Sob a ótica da Administração, a reavaliação semestral também seria muito positiva, pois permitiria fazer ajustes necessários e analisar a produtividade do servidor, bem como evitar a consolidação de situações potencialmente danosas a sua saúde. Nessa perspectiva, há que se considerar que a Administração deve zelar não só pela eficiência do serviço público, mas também pelo bem-estar do trabalhador. Outra possibilidade aventada por esta pesquisa é que o teletrabalho em regime integral seja adotado somente após uma prévia experiência em regime parcial. Entende-se que tal medida permitiria que o trabalhador avaliasse sua experiência com o trabalho remoto, verificando benefícios e dificuldades, antes de alterar de forma mais intensa a sua rotina laboral. Ademais, permitiria ao trabalhador avaliar os reais impactos do teletrabalho em termos de socialização, organização,

produtividade e interação familiar, para então decidir sobre a viabilidade dessa modalidade em regime integral em suas atuais circunstâncias de vida.
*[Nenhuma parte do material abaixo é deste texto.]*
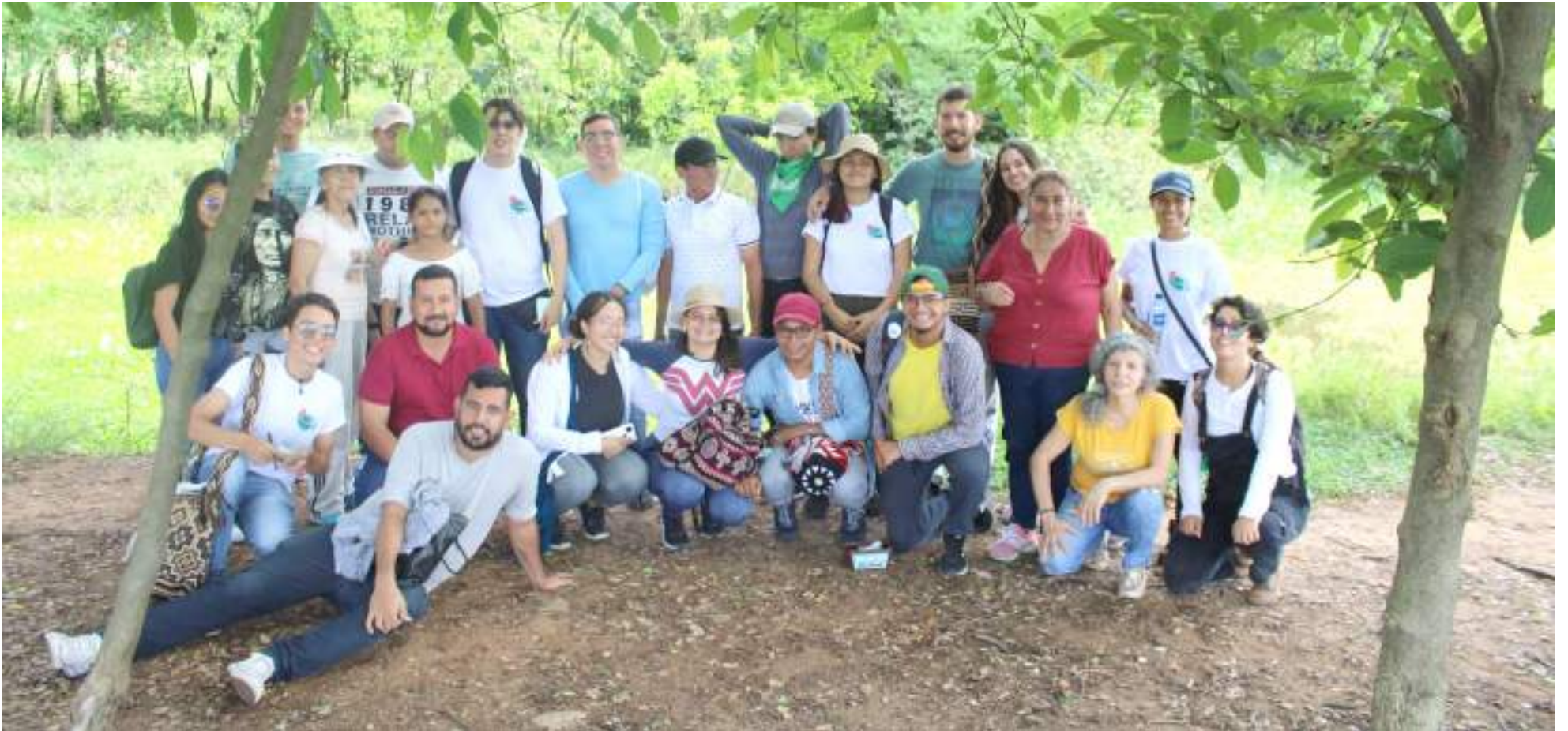
El recorrido por cuatro sitios estratégicos.
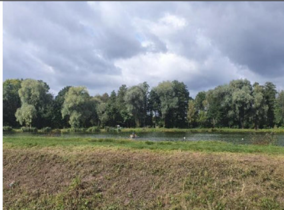
Działka 390/6 (staw hodowlany)
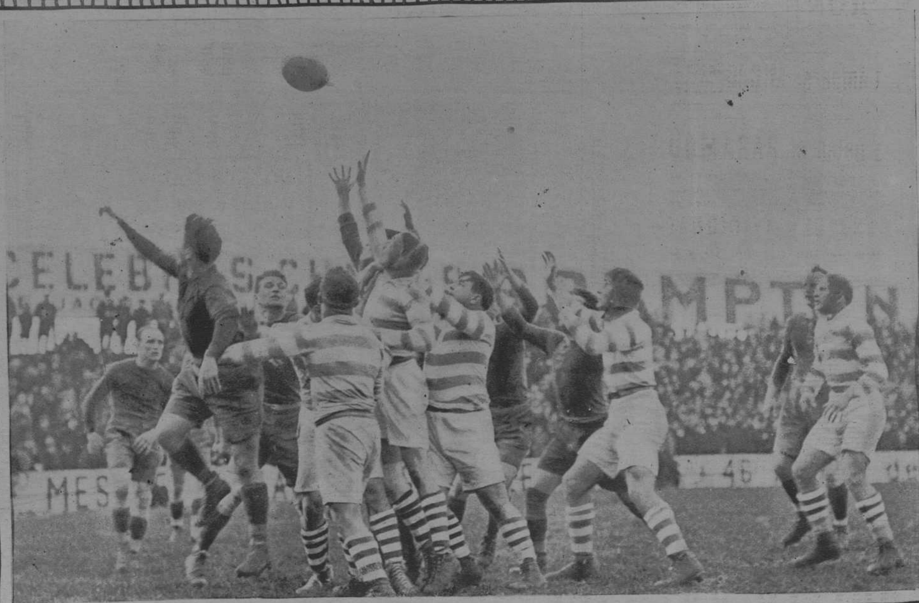
Paris: En el velodromo de Buffalo: Un momento del campeonato ciclista, recientemente celebrado.- Una fase del match de "Rugby" entre "T.O.E.C."- "Stade Français" (J. H. Monnet)
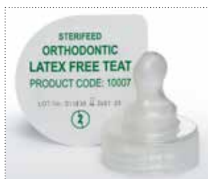
Sauger für Neugeborene in kieferorthopädischer Form
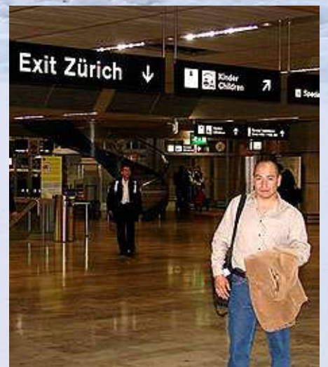
Aeropuerto de Suiza.

A importância desse estágio de experiência também reside na possibilidade de uma fase de transição, em que o servidor, com suporte da Gestão, avaliaria o desdobramento de tal modalidade sobre a sua rotina e produtividade. Nesse caso, experiências positivas poderiam ser ampliadas para o regime integral, enquanto que as vivências menos exitosas poderiam ser avaliadas e solucionadas – ou interrompidas, antes de gerarem maiores efeitos prejudiciais para o teletrabalhador e para a Administração.